The following types are used in workflow output lineage records:
| Type | JSON representation | Nextflow type |
| ---- | ------------------- | ------------- |
| `Collection` | array (or index file path) | `Bag`, `List`, `Set` |
| `Map` | object | `Map`, `Record` |
| `Path` | string with `lid://` prefix | `Path` |
When labels are assigned to a workflow output with the `label` directive, they appear in the `labels` field of each corresponding `FileOutput` record:
```console
$ nextflow lineage view lid://9410d13abeec617640b5fe9735ba12fc/multiqc_report.html
{
"version": "lineage/v1beta1",
"type": "FileOutput",
"path": "/results/multiqc_report.html",
...
"labels": ["qc", "summary"]
}
```
Labels can be used to filter files when querying lineage records with the `nextflow lineage find` command. See {ref}`workflow-output-labels` for details on assigning labels to workflow outputs.
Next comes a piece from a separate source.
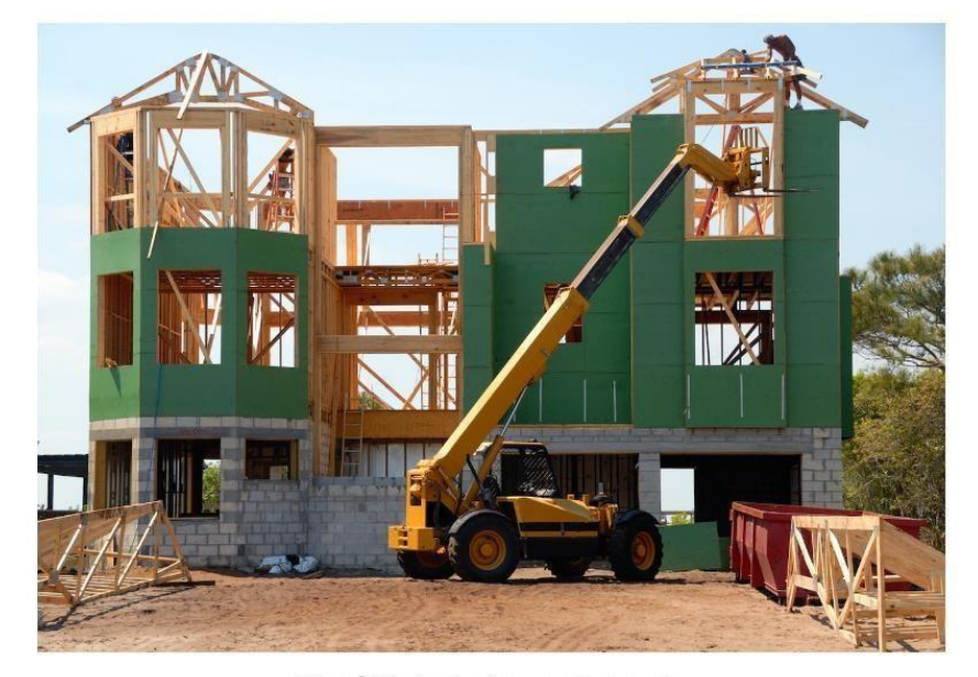
Real Estate Investments

## Use lineage in a Nextflow script
Since lineage IDs are valid URIs, output files in the lineage store can be accessed by their LID in a Nextflow script, like any other path. The LID path returns the *real* path as defined by the `path` field in the `FileOutput` record.
The following script uses the `samples.json` from the previous example as an input samplesheet:
```nextflow
channel.fromPath('lid://9410d13abeec617640b5fe9735ba12fc/samples.json')
.splitJson()
.view()
```
It should produce the following output:
```console
[id:gut, quant:/results/gut/quant, fastqc:/results/gut/fastqc]
```
The `fromLineage` channel factory can also be used to query lineage records in a similar manner as the `find` subcommand. See {ref}`channel-from-lineage` for details.